Monday, December 12, 2011

FMLN apologizes for the military's massacre

From this weekend in El Salvador
"I would like to take this opportunity to reiterate on behalf of the government of El Salvador our request for forgiveness to the thousands of innocent victims, but especially the victims of the massacre at El Mozote," Hugo Martinez, the country’s foreign minister, said.
Martinez noted that Mauricio Funes, the country's first democratically-elected president since the civil war, had already apologised for other violent incidents attributed to the army, state security forces and paramilitary groups.
"This event seeks to honour the memory of hundreds of innocent people who were murdered 30 years ago here in El Mozote and in other nearby hamlets," he said.
It's important that the Salvadoran state ask for forgiveness and take responsibility for the acts carried out in its name during the country's civil war. However, just like the earlier apologies from President Funes and those from Alvaro Colom in Guatemala, it'll really be something when those who ordered the killings or covered-up them up ask for forgiveness. Funes and the FMLN were not responsible for the massacre.

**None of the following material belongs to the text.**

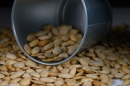 Golden pumpkin seeds spill out of a metal scoop, scattered on a smooth surface, evoking the warmth of autumn harvests. Each seed hints at delicious recipes waiting to be crafted.

In Guatemala, it doesn't look like President-elect Otto Perez Molina is going to continue President Colom's unearthing of the past. From Perez Molina's perspective, there's nothing for which to apologize.

In El Salvador, President Funes has another two and one-half years in office. As of today, it doesn't look like ARENA is poised to follow in Funes' footsteps should they win the 2014 presidential election. And from ARENA's perspective, I can just hear them argue that the massacre at El Mozote, even if there was one, was not their responsibility. The massacre occurred under the civil-military junta "led" bJosé Napoleón Duarte of the Christian Democratic Party. The reason ARENA formed was because they disagreed with how the government was prosecuting the war. 


Hugo Martinez also Human rights ombudsman Oscar Luna said another thing that provides some hope that the Funes administration will work harder to revisit human rights violations from the civil war era. Tim reports that Luna Martinez "called for a repeal of the Amnesty Law, a judicial investigation of those responsible for the command and control of the massacre, and concrete reparations including financial, medical, psycho-social and legal assistance to the families of the victims." Unfortunately, Luna does not hold formal powers and his words are inconsistent with the Funes' administration so far. 


Now the people of El Salvador will have to hold Martinez and the government to their promise.


***Sorry about having to make the changes. Tim pointed out that it was Luna who called on the government to make things rights rather than Martinez.